*TASK OBJECTIVE*
Pictures in the material below are to be left out, and only the lines from the line with "另一面,口腔治療方式和技術(shù)的迭" up to and including the line with "In Mainz bestand" are to be written out exactly.

*DATASET RECORDS*
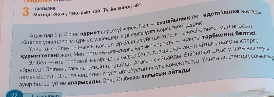 там написано Задание 3: Прочитайте текст и запишите его. Скажи мне, что ты понимаешь.
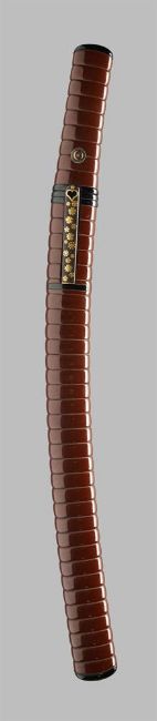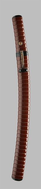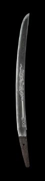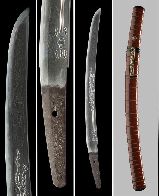 The Property of an English GentlemanA wakizashiSigned Dewa no Daijo Fujiwara Kunimichi Edo period, 17th century  Sugata [configuration]: katakiriba-zukuri, iori-mune, chu-kissaki, saki-zoriKitae [forging pattern]: densely flowing itame-hada mixed in with mokume, some nagareHamon [tempering pattern]: the omote with relatively narrow midare-ba, broad and subdued nioiguchi, profuse nie, sunagashi and clear nijuba, the ura with flamboyant midare-ba, plenty ashi, yo and sunagashi, subdued nie-laden nioiguchiBoshi [tip]: the omote with pointed ko-maru boshi and protracted kaeri, the ura midarekomiwith extended steep turnbackHorimono [carvings]: the omote with descending three-clawed dragon on suken with vajra hilt, the ura with double bohiHabaki [collar]: single clad, the shakudo habaki emblazoned with encircled sword and wood sorrel crests, the reverse with linked rings crestNakago [tang]: ubu, shallow kurijiri, o-sujikai, one mekugi-anaKoshirae [mount]: mounted in a Higo-style koshirae with fine red and black lacquer ichibu-kizami saya, silver and copper-gilt mekugi in the form of chrysanthemums, the iron kozuka with Hosokawa cherry blossom and kuyo mon [Nine Luminaries crest], the iron kogai inlaid in gold withscrolling karakusa, (maru ni ken katabami mon), 65 cm. longNagasa [length from kissaki to machi]: 47. cm.Moto-haba [width at the machi]: 3.9 cm. Condition Report: The blade in good polish, the lacquer koshirae with some minor surface wear, including slight chips, dents and minor scratches, the tsuka with a slight dent, the kogai with slight chip to the point. Condition Report Disclaimer
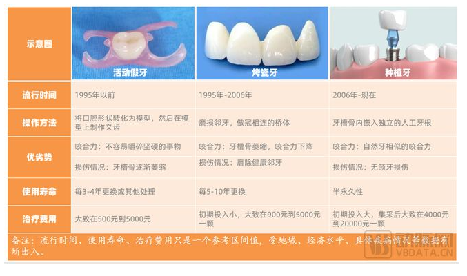 另一面,口腔治療方式和技術(shù)的迭代也讓更多的患者愿意接受口腔的治療?!?4、95年以前,對(duì)于牙齒缺失的患者來說,可選擇的主要是活動(dòng)假牙,之后是烤瓷牙,大概盛行了十多年,06、07年后,北上廣深這樣的城市開始有種植牙的廣泛出現(xiàn)。”彼時(shí)已在民營口腔醫(yī)療機(jī)構(gòu)干了十多年的海鷗,見證了口腔行業(yè)技術(shù)的演變。
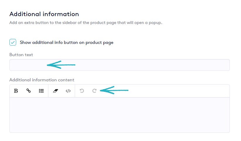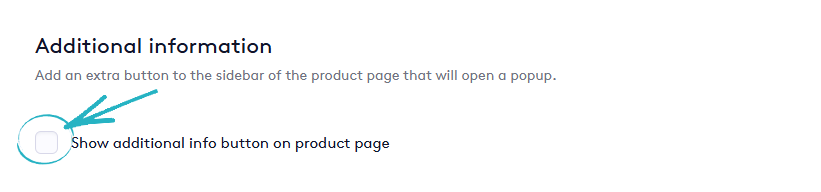 18. If you need to add any additional information to your product in the form of a pop-up, tick this box:
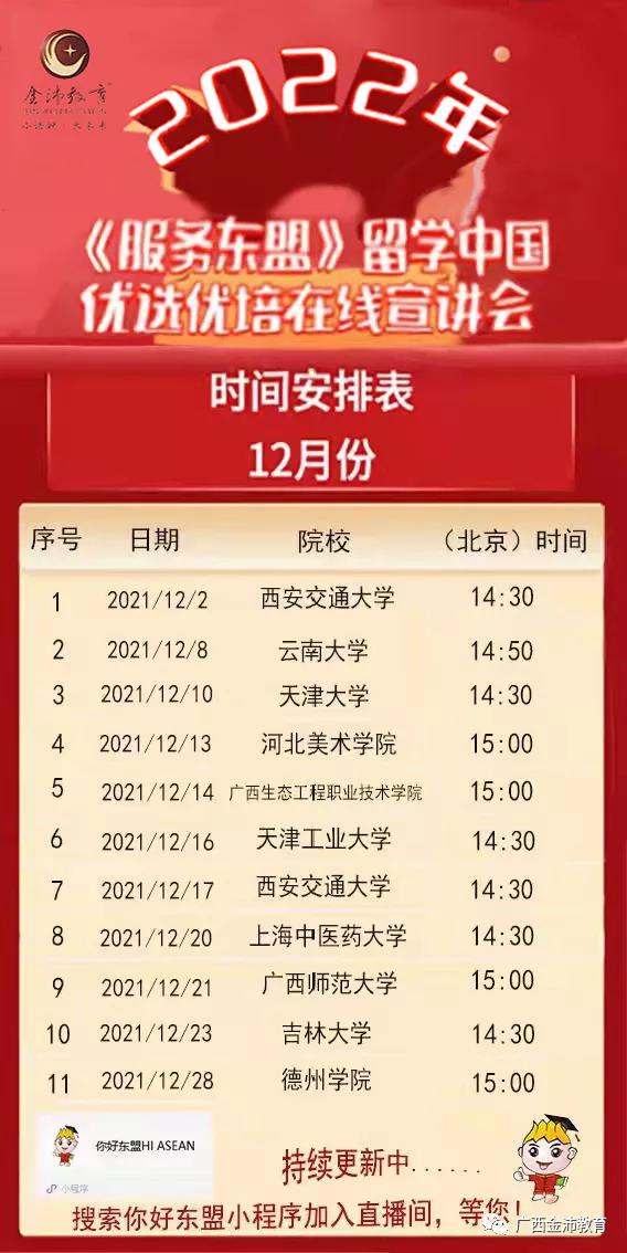 2021年12月2日起,由我司聯(lián)合多所高校開展的“2022年留學(xué)中國(guó)優(yōu)選優(yōu)培線上直播宣講會(huì)”將積極利用直播新形勢(shì)在“你好東盟”微信小程序上進(jìn)行開播。學(xué)校和師生、家長(zhǎng)可通過小程序你好東盟、Facebook和Youtube直播等多種途徑收看本次宣講會(huì)。
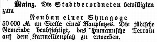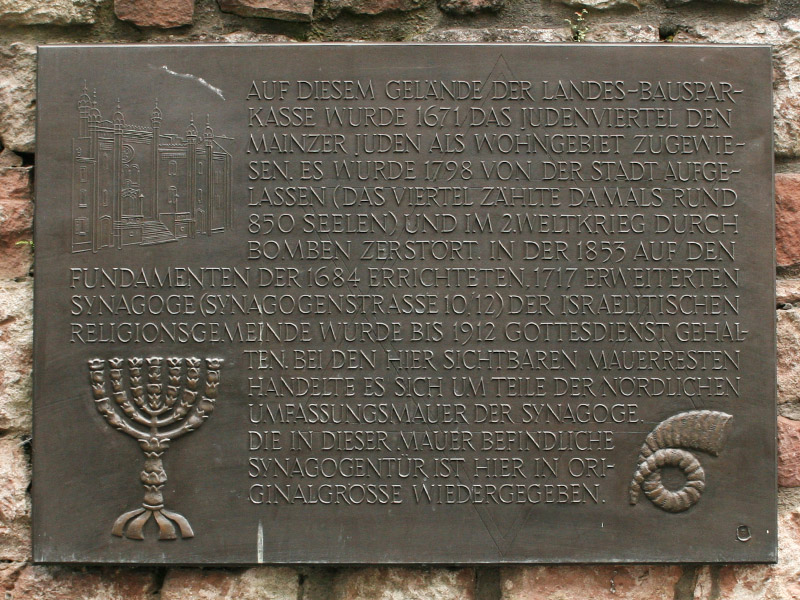 In Mainz bestand eine bedeutende jüdische Gemeinde zunächst im Mittelalter
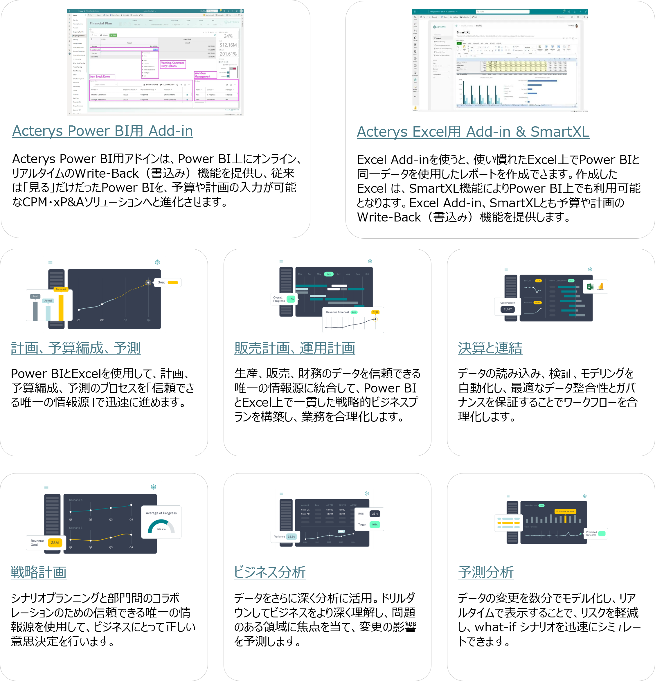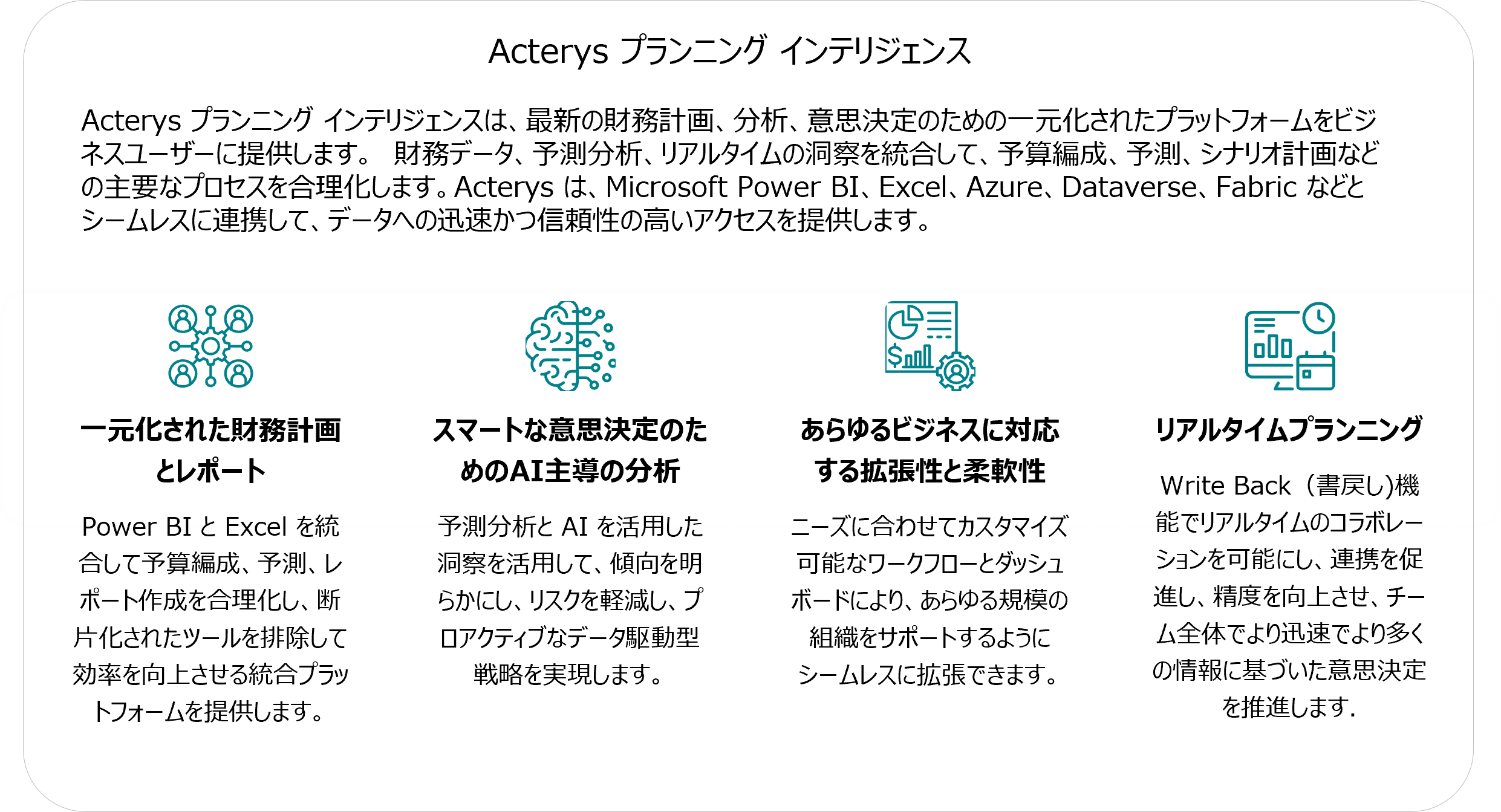 Acterysは、Microsoft FabricとPower BIに強力かつリアルタイム・シームレスなWrite-Back(書き込み)機能とワークフロー機能拡張を追加することで、従来は「見る」だけだったBIツールを、予算編成や経営計画などの入力・編集が可能でAIとの親和性も高いCPM(Corporate Performance Management)・xP&A(Extended Planning & Analytics)ソリューションへと進化させます。
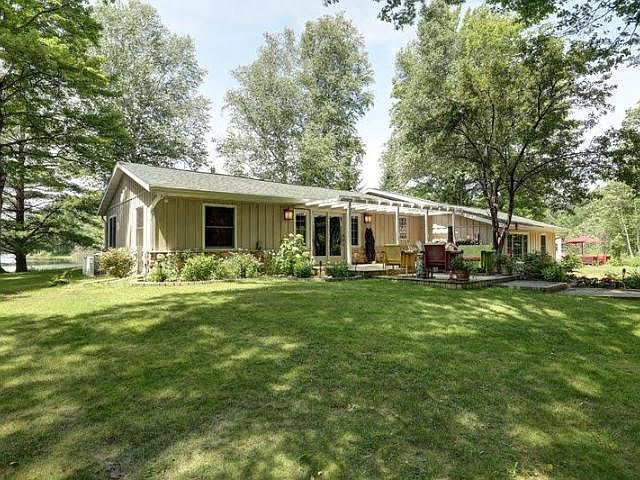 Exquisite luxury lake home comes fully furnished with executive design and impeccably curated details for the discerning buyer. Nestled on quiet Kimball Lake with 500ft frontage. Conscious living approach in every detail from craftsmanship to contemporary flair in bamboo flooring, vaulted ceilings, and hand-hewn beams. Chef's Kitchen features Viking Pro range, wine & vegetable cooler, double oven, & custom island w/butcher-block counter. Master ensuite has lake views, jetted tub, two-way gas fireplace, gorgeous custom multi-spray shower stall, and heated floors. Thoughtfully planned layout has lakeside sitting room, dining room, living room, 2 BR's, and full guest bath to complete the perfect retreat for entertaining & extended stays. Landscaped yard offers decks, patios, and sandy beach w/dock to take full advantage of being lakeside. Guest house/studio has 3 BR's, air conditioning, heat, and garage storage for included 2 ATVs w/trailer, and more.
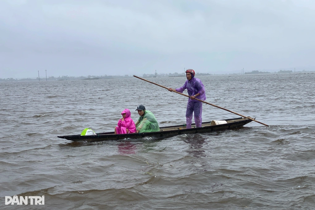 Nhiều làng quê thấp trũng tại thành phố Huế bị cô lập vì nước lũ dâng cao, người dân đi lại bằng thuyền nan (Ảnh: Vi Thảo).
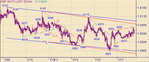 down-тренда 1.6115(14/01/03)-1.5953(15/01/03) − см. на рис. 3. Само движение происходит в пределах канала L-L+. Для движения наверх графика необходимо преодолеть линию L. Важные уровни: поддержка 1.5947 (текущее положение линии H на рис. 2); сопротивление 1.6100 (текущее положение линии L на рис. 3.Торговые тактики − вне рынка.
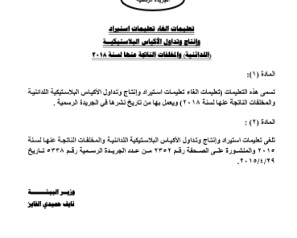 الحكومة تمنع انتاج واستراد الاكياس البلاستيكية
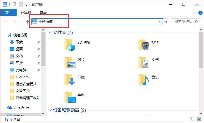 方法二:打开此电脑,在地址栏里面直接输入“控制面板”,回车,即可打开控制面板。
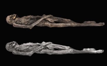 A 3D model of the tattooed mummy. The top image features textures derived from photographs that were captured using light...
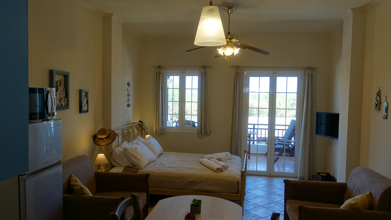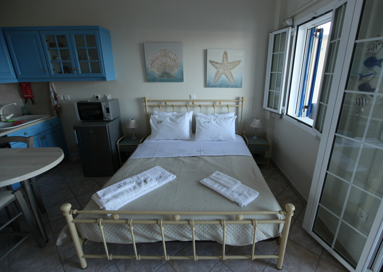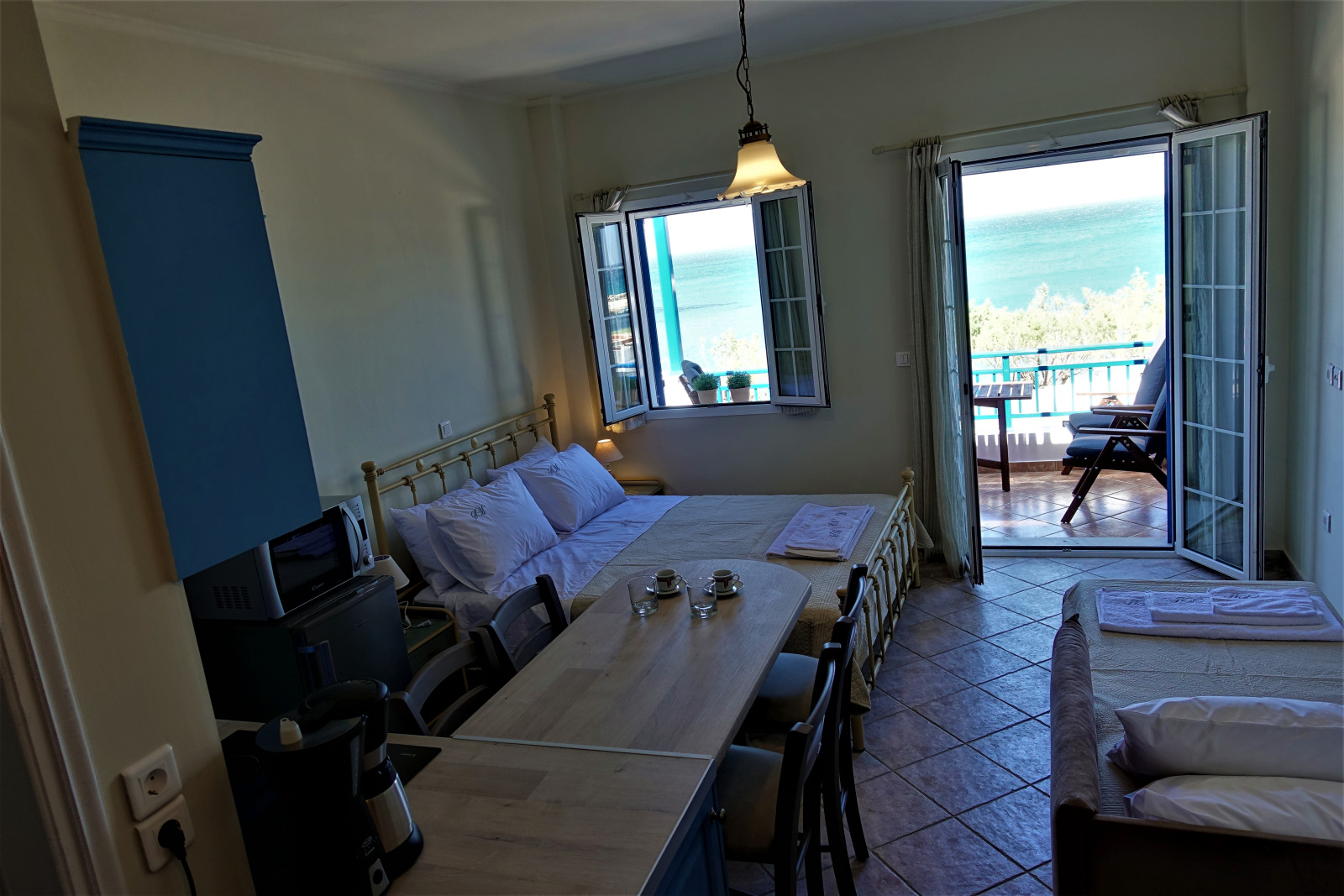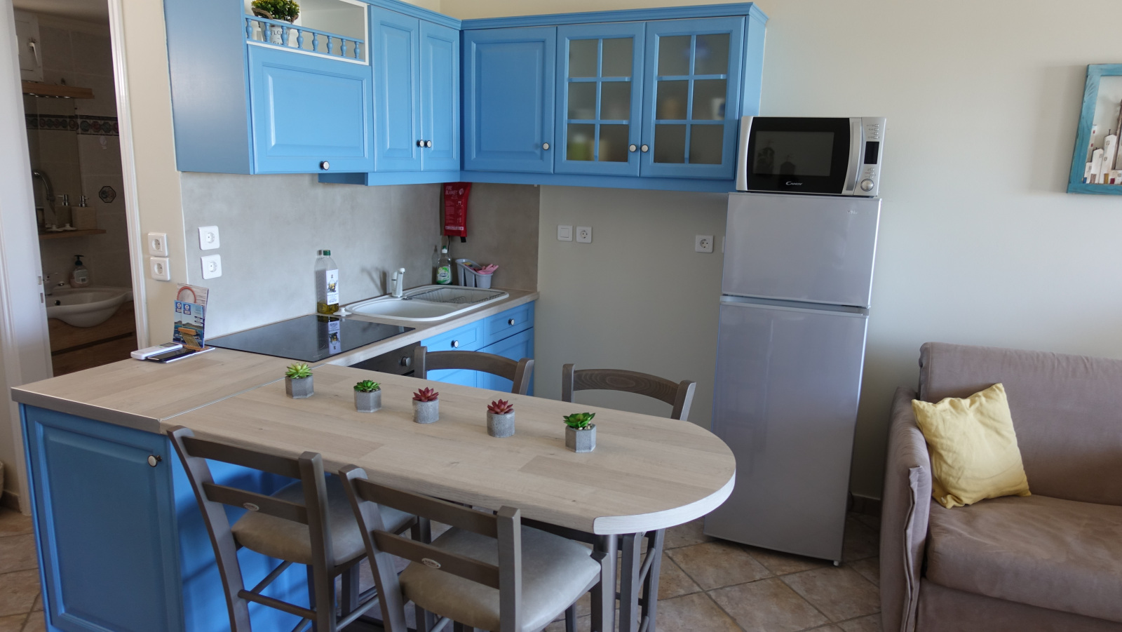 Our apartments, apart from the breath-taking view, offer fully equipped kitchen with 60 cm oven with ceramic cooktop, refrigerator, full size Microwave Oven, coffee maker and toaster, smoke detector, Smart 32’’ TV as well as High Speed Internet connection (up to 50 MBps) over Wi-Fi and Ethernet connections.
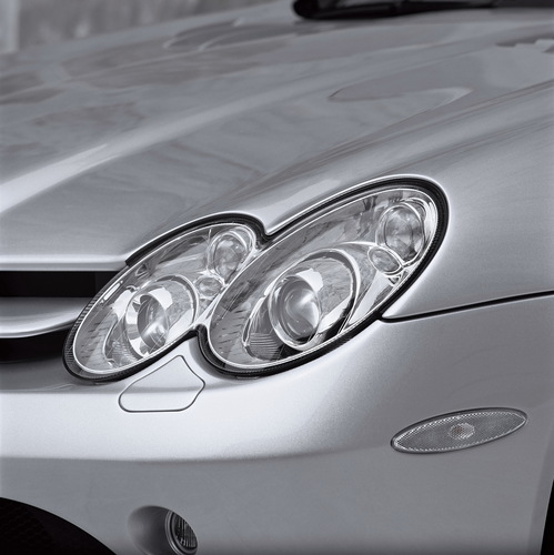 Именно восхитительное сочетание классических элементов с передовыми технологиями делает купе SLR таким неповторимым. Его вытянутый стреловидный «нос» снабжён целой системой воздухозаборных отверстий. Форма боковых «жабр», обращённых назад, также навеяна дизайном легендарного 300 SL с распахивающимися вверх дверями и очень точно передаёт горячий нрав купе SLR. В то же время его атлетичная задняя часть, по сравнению с 300 SL, заметно вытянута вверх. Почти вертикальная спойлер-накладка на крышке багажника со встроенным аэродинамическим тормозом AIRBRAKE и 6-канальный диффузор на днище кузова увеличивают прижимные силы, эффективно повышая устойчивость и динамику автомобиля.
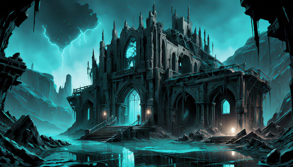 This image showcases a decaying gothic building in a dark, stormy setting, rendered in an ink wash digital illustration style with cyberpunk elements. It features stark contrasts and dramatic lighting.
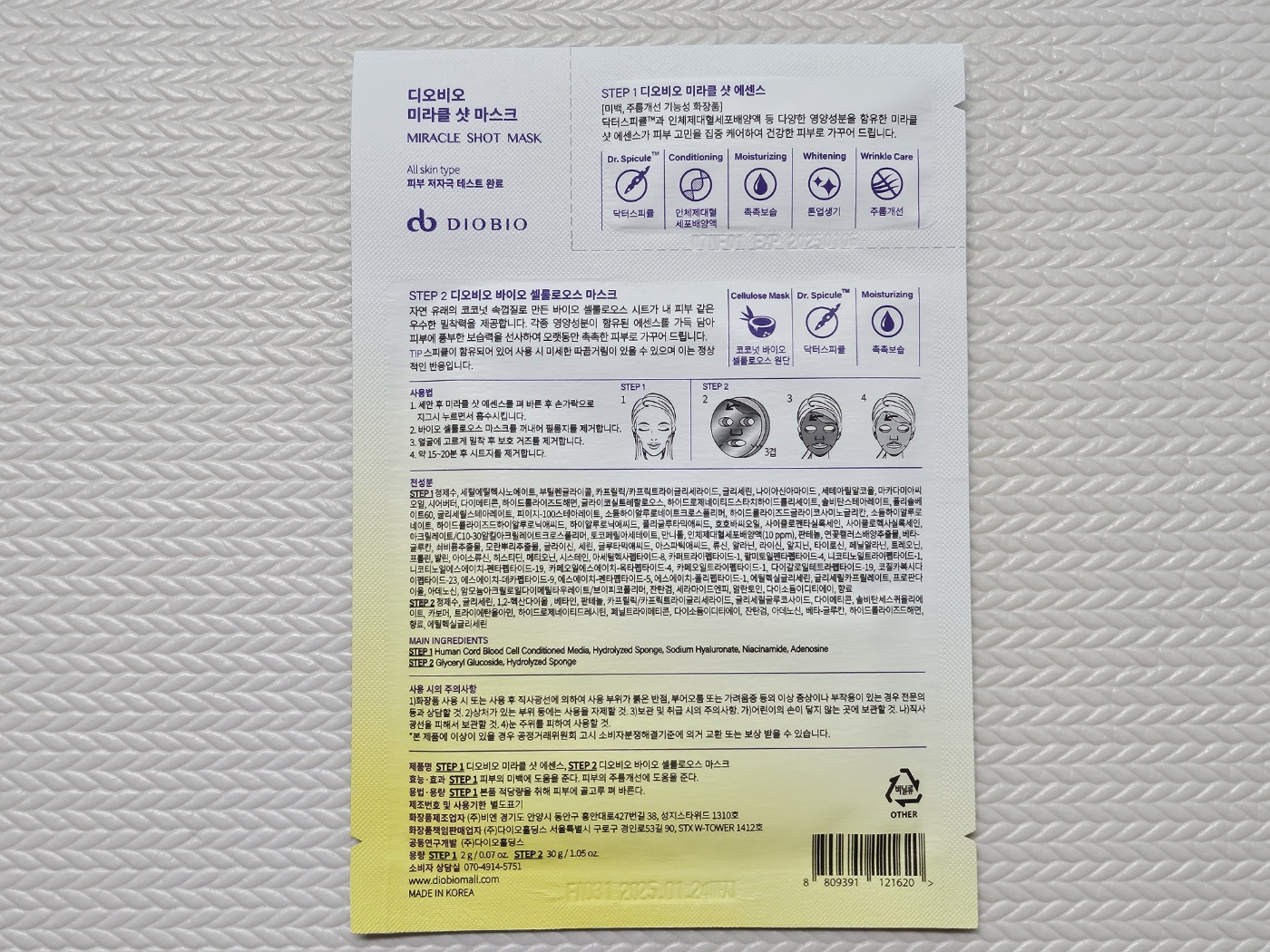 디오비오 미라클 샷 마스크: 피부에 생명을 불어넣는 마법의 마스크

*RESPONSE TO THE EXERCISE*
 另一面,口腔治療方式和技術(shù)的迭代也讓更多的患者愿意接受口腔的治療?!?4、95年以前,對(duì)于牙齒缺失的患者來說,可選擇的主要是活動(dòng)假牙,之后是烤瓷牙,大概盛行了十多年,06、07年后,北上廣深這樣的城市開始有種植牙的廣泛出現(xiàn)。”彼時(shí)已在民營口腔醫(yī)療機(jī)構(gòu)干了十多年的海鷗,見證了口腔行業(yè)技術(shù)的演變。
 18. If you need to add any additional information to your product in the form of a pop-up, tick this box:
 2021年12月2日起,由我司聯(lián)合多所高校開展的“2022年留學(xué)中國(guó)優(yōu)選優(yōu)培線上直播宣講會(huì)”將積極利用直播新形勢(shì)在“你好東盟”微信小程序上進(jìn)行開播。學(xué)校和師生、家長(zhǎng)可通過小程序你好東盟、Facebook和Youtube直播等多種途徑收看本次宣講會(huì)。
 In Mainz bestand eine bedeutende jüdische Gemeinde zunächst im Mittelalter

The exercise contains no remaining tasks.